## Task item
Starting with the line that has "现如今秋千的种类越来越多,网" in the records below and stopping after the line that has "Printed Puff-Sleeve Romper", output every line exactly and nothing else; skip pictures.

## Provided entries
● ● ● ●

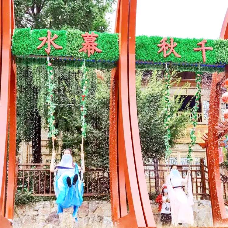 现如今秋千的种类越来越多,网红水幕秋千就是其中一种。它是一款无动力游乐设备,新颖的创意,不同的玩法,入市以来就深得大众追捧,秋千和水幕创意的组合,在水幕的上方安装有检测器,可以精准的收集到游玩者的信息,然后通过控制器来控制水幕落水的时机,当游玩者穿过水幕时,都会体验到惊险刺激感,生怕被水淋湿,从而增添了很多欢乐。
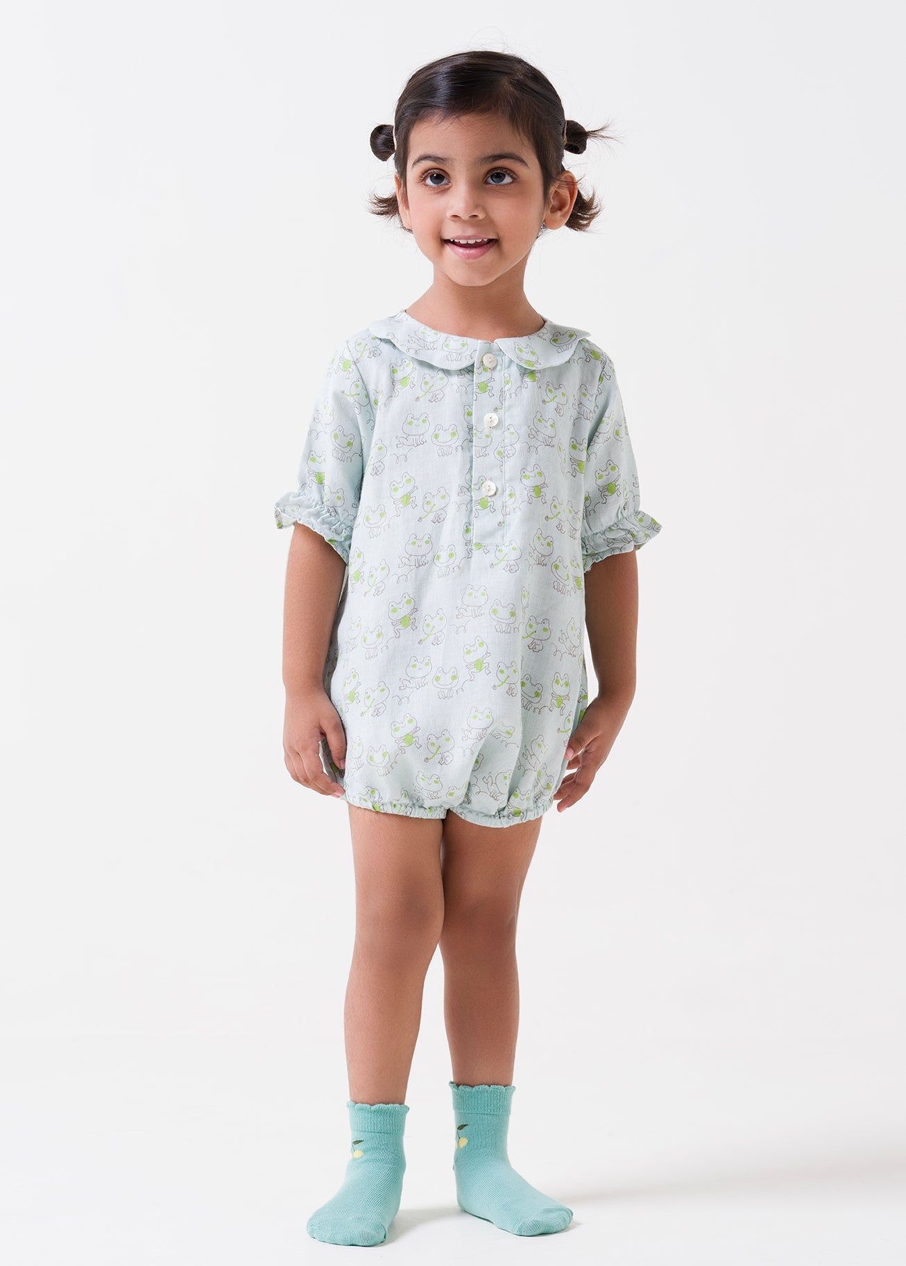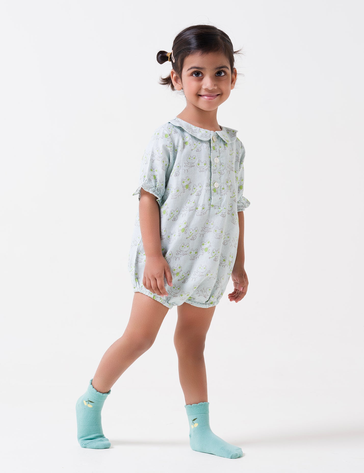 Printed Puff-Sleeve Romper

● ● ● ●

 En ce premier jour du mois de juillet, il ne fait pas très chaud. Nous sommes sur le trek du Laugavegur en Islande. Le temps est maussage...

● ● ● ●

## Response below
 现如今秋千的种类越来越多,网红水幕秋千就是其中一种。它是一款无动力游乐设备,新颖的创意,不同的玩法,入市以来就深得大众追捧,秋千和水幕创意的组合,在水幕的上方安装有检测器,可以精准的收集到游玩者的信息,然后通过控制器来控制水幕落水的时机,当游玩者穿过水幕时,都会体验到惊险刺激感,生怕被水淋湿,从而增添了很多欢乐。
 Printed Puff-Sleeve Romper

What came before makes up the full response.